Конь рыжий - Гуль Роман Борисович 16 стр.


– От це гарний буржуяка! – смеется какой-то темный петлюровец, с издёвкой показывая на толстого офицера.

По сорок человек мы лезем в черную пасть рас крытых скотских теплушек, нас запирают на замок. Я ощупью устраиваюсь в этом временном жилище, ло­жусь на солому и мне кажется, что этот Киев, бои на снегу, концерт, взрыв в Педагогическом музее, эта ночь с поездкой в трамваях и то, что я сейчас почему-то лежу в безглазой темноте скотского вагона, всё это сон и будто во сне кто-то идет вдоль состава, ударяя мо­лотком по колесам. Но вдруг, разноголосо завыв, поезд рванулся, застонал цепями, и сквозь ветер и метель пошел. Куда? В темноту России.

III

Дальше этой станции нет пути. Это Альтенау, Се­верный Гарц с вершиной Брокен, куда к ведьмам в гости на шабаш летали Фауст с Мефистофелем. Гор­ный паровозик уперся в синий рассвет, за нами всего два вагона, остальные отцеплены, то-то ночью лязгали цепи и кто-то отрывисто кричал по-немецки.

Я выпрыгнул из вагона. Кругом всё сине, мутно-синие горы, ели на горах, как из каленой стали. В этом курчаво синеватом тумане немецкий городок в три улички кажется заброшенной в горы игрушкой; в до­лине еле видны его красные черепичные крыши.
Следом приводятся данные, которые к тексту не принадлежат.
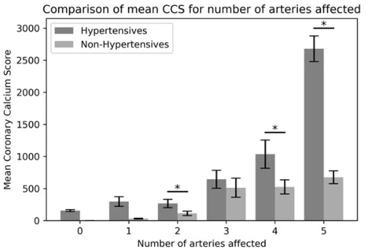 A higher number of affected coronary arteries correlated with a higher mean CCS and a significant difference in CCS was observed between hypertensives and non-hypertensives for the number of arteries affected (Table 6, Figure 5). Similar results were observed when comparing mean CCS in moderate-severely affected coronary arteries (Tables 6,7 Figure 6).

После всероссийской стрельбы тишина Германии поражает и обволакивает душу. Этой тишине даже не веришь. Два немецких солдата-инвалида в заплатаных, но все ж аккуратных мундирах ведут нас под гору в Альтенау. Хорошо идти в горах в шестичасовом предутреннике. Мы спускаемся с кручи, ноги легко подсека­ются. На гостинице, похожей на сказочный пряничный домик, прибита доска: "Здесь в 1777 году останав­ливался поэт Вольфганг Гёте во время своего путеше­ствия по Гарцу". Вероятно, это было прекрасное путе­шествие. Цокая по камням деревянными туфлями, у колодца сошлись три краснолицых немки, без удивленья глядят на нас, за войну они привыкли ко всяким плен­ным. Тут они, вероятно, обмениваются сплетнями трех уличек и медленно расходятся скривленной под тяже­стью вёдер походкой.

Вывесившись на подложенных под локти подушеч­ках, из странного старинного дома глядит уже проснув­шийся алебастровый старичек с трубкой в зубах и чему-то болванчикообразно качает головой.

– Дождался, дедушка, гостей с музею! – смеется, идущий со мной, полтавский вартовый Юзва, украин­ский люмпен-пролетарий с лимонным лицом скопца.

За нами цокают деревянными туфлями немецкие мальчишки, кричат: "Русски капутцки!" Это замираю­щие крики войны. Но она уже немцами проиграна. С сосен и елей паром улетает туман. На полугорье у вы­соко обнесенного колючей проволокой дома проминает­ся часовой с винтовкой. Нас вводят в калитку и часовой повернул за нами ключ в замке.

Это бывший лагерь военнопленных офицеров; ча­совой, вероятно, принял нас за запоздалую партию пе­ресыльных на родину. А я даже не знаю, кто мы? И кто нас, без всякого нашего волеизъявленья, привез сюда, в Северный Гарц? Провожавший до Берлина лейтенант с лицом Шиллера сказал, что мы вывезены желаньем одного немецкого генерала из главного командования в Киеве, понимавшего, что Киев будет взят большевиками и что большевики нас наверняка расстреляют. Что ж, надо признать, что этот немецкий генерал спас нам жизнь.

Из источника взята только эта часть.